Leave the pictures out. Retype exactly the lines below from the one containing "- Excellent hydrolytic" through the one containing "Le mensonge comme", and no others.
++++ Records to process
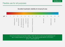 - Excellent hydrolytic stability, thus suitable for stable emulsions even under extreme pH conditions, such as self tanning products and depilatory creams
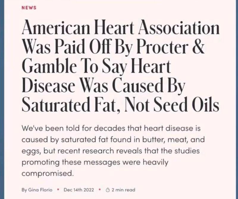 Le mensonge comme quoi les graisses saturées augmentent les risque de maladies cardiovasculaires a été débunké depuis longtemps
++++++++
++++ Records to process
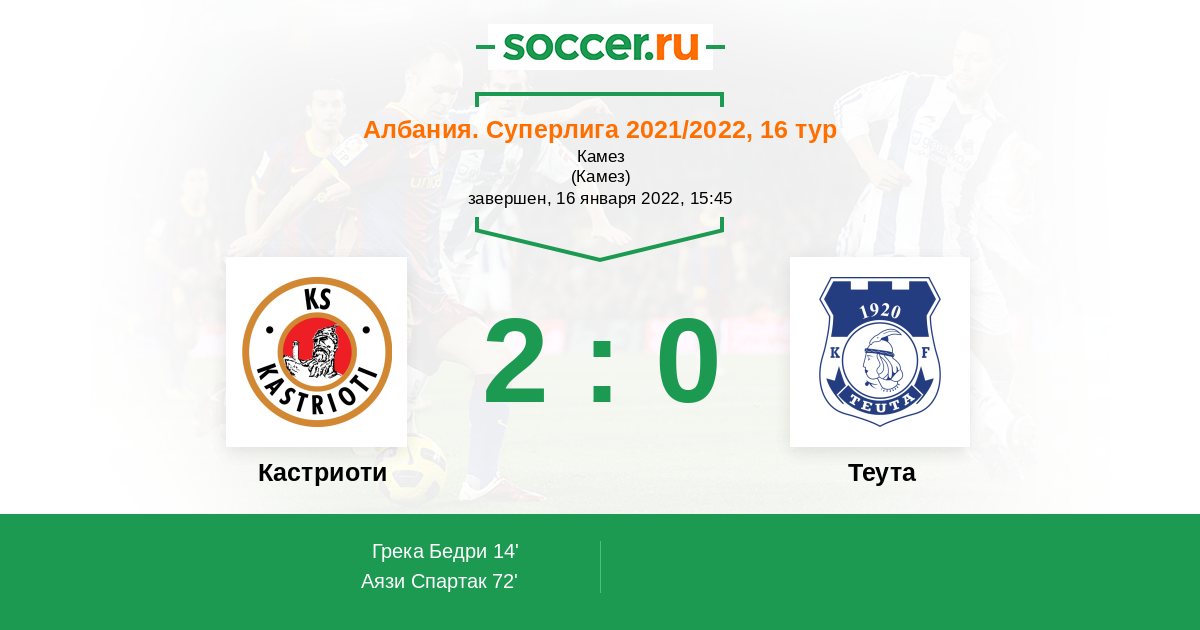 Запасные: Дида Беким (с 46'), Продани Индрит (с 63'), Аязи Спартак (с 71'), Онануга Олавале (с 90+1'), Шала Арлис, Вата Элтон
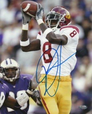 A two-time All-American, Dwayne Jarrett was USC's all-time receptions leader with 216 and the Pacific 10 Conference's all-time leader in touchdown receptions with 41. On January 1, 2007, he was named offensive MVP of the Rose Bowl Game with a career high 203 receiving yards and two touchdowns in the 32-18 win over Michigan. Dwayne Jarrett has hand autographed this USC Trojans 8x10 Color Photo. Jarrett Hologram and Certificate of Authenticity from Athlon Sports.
++++++++
++++ Records to process
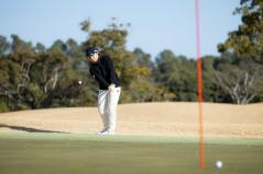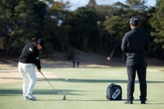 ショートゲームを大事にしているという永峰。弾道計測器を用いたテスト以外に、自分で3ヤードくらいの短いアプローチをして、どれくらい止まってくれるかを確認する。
++++++++
Written solution:
 - Excellent hydrolytic stability, thus suitable for stable emulsions even under extreme pH conditions, such as self tanning products and depilatory creams
 Le mensonge comme quoi les graisses saturées augmentent les risque de maladies cardiovasculaires a été débunké depuis longtemps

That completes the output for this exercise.